Orang berhak menuntut ganti rugi terhadap seseorang, tenaga kesehatan, dan/atau penyelenggara kesehatan yang menimbulkan kerugian akibat kesalahan atau kelalaian dalam pelayanannya
SETELAH 17 tahun bertahan, UU Nomor 23 Tahun 1992 tentang Kesehatan akhirnya diganti dengan UU Nomor 36 tahun 2009. Banyak hal baru dalam UU baru itu, berbeda dari sebelumnya.
Banyak pula pasal yang ditujukan untuk menyikapi isu-isu populer yang di era sekarang sering menjadi perbincangan publik. Seperti ketentuan mengenai perlindungan pasien yang terdapat dalam Pasal 56, 57, dan 58.
Pasal 58 Ayat (1) misalnya, menyebutkan setiap orang berhak menuntut ganti rugi terhadap seseorang, tenaga kesehatan, dan/atau penyelenggara kesehatan yang menimbulkan kerugian akibat kesalahan atau kelalaian dalam pelayanan kesehatan yang diterimanya.
Ada pula pasal yang menegaskan bahwa fasilitas pelayanan kesehatan, baik pemerintah maupun swasta, dalam keadaan darurat wajib memberikan pelayanan kesehatan bagi penyelamatan nyawa pasien dan pencegahan kecacatan terlebih dahulu, serta dilarang menolak pasien dan/atau meminta uang muka (Pasal 32 Ayat (1) dan (2)).
Persoalan jual beli organ dan jaringan tubuh juga diatur. Dinyatakan dengan jelas, organ dan/atau jaringan tubuh dilarang diperjualbelikan dengan dalih apapun (Pasal 64 Ayat (3)). Transplantasi organ dan/atau jaringan tubuh dilakukan hanya untuk tujuan kemanusiaan dan dilarang untuk dikomersialkan (Pasal 64 Ayat (2).

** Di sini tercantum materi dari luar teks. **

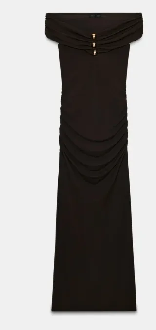 Vestido largo de Zara, sin estrenar. Un diseño elegante y moderno. - Escote Bardot. - Detalle de botones dorados. - Fruncido lateral. - Largo hasta el suelo.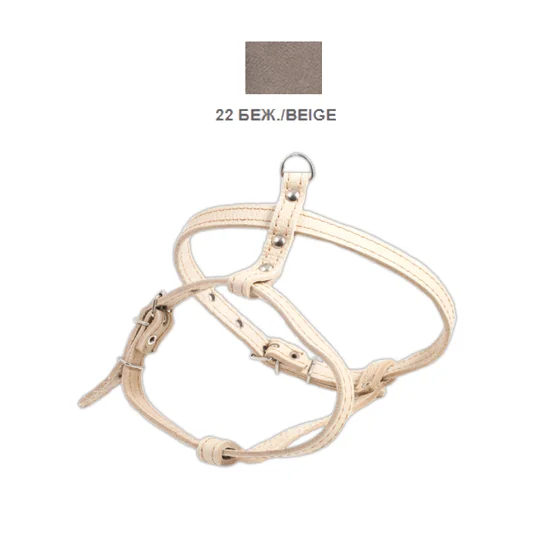 Шлейка Cristel для собак, кожаная, "пикинеса", 14 мм / 30-40 см / 38-48 см, бежевый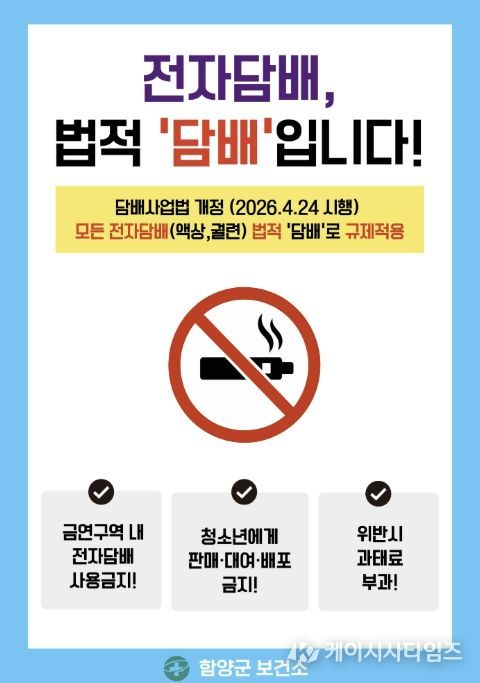 (케이시사타임즈) 함양군 보건소는 전자담배를 포함한 모든 담배 제품의 금연구역 내 사용을 규제하는 '담배사업법' 개정에 따라 오는 4월 24일부터 5월 15일까지 집중 점검을 실시한다고 밝혔다.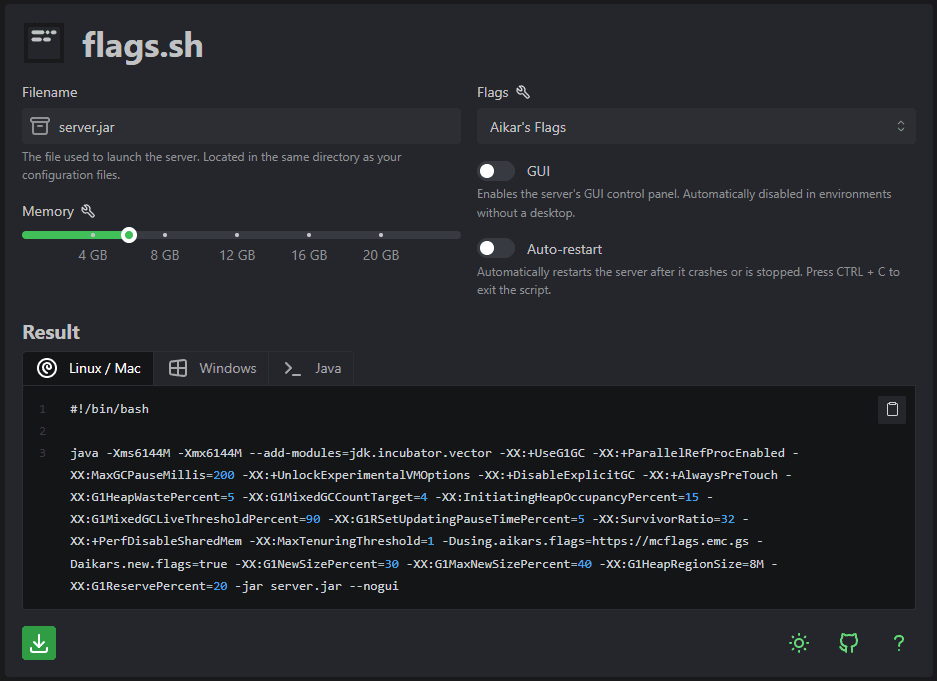 На этом сайте Вы сможете скопировать уже подготовленные аргументы запуска для вашего сервера, с возможностью регулировки выделенной памяти.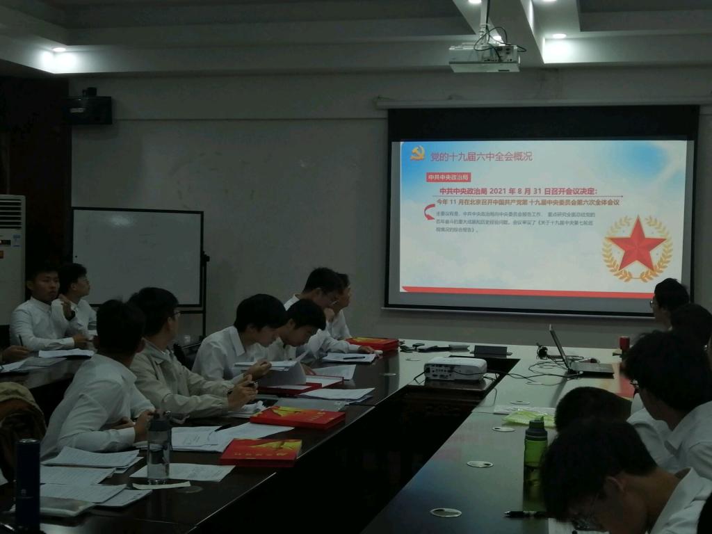 本科生第四党支部在12407会议室开展主题党日活动:《学习十九届六中全会精神》。会议主持人从“十九届六中全会概况”和“中共中央关于党的百年奋斗重大成就和历史经验的决议”两部分对十九届六中全会的主要内容进行了详细的梳理,为支部同志进一步深入领会党的十九届六中全会精神深刻内涵和伟大意义起到了引领作用。

Aborsi juga dilarang dalam undang-undang ini (Pasal 75 Ayat (1). Kecuali berdasarkan indikasi kedaruratan medis yang dideteksi sejak usia dini kehamilan atau kehamilan akibat perkosaan yang dapat menyebabkan trauma psikologis bagi korban. Meski demikian, pembolehan aborsi itupun melalui syarat yang ketat. Misalnya hanya dapat dilakukan sebelum kehamilan berumur enam minggu, dan dilakukan oleh tenaga kesehatan yang memiliki keterampilan dan kewenangan.
UU Nomor 36 Tahun 2009 telah pula mengakomodasi isu-isu terkini, seperti masalah penggunaan sel punca dan jaminan keamanan makanan/minuman hasil teknologi rekayasa genetika dengan memberikan rambu-rambu yang cukup jelas.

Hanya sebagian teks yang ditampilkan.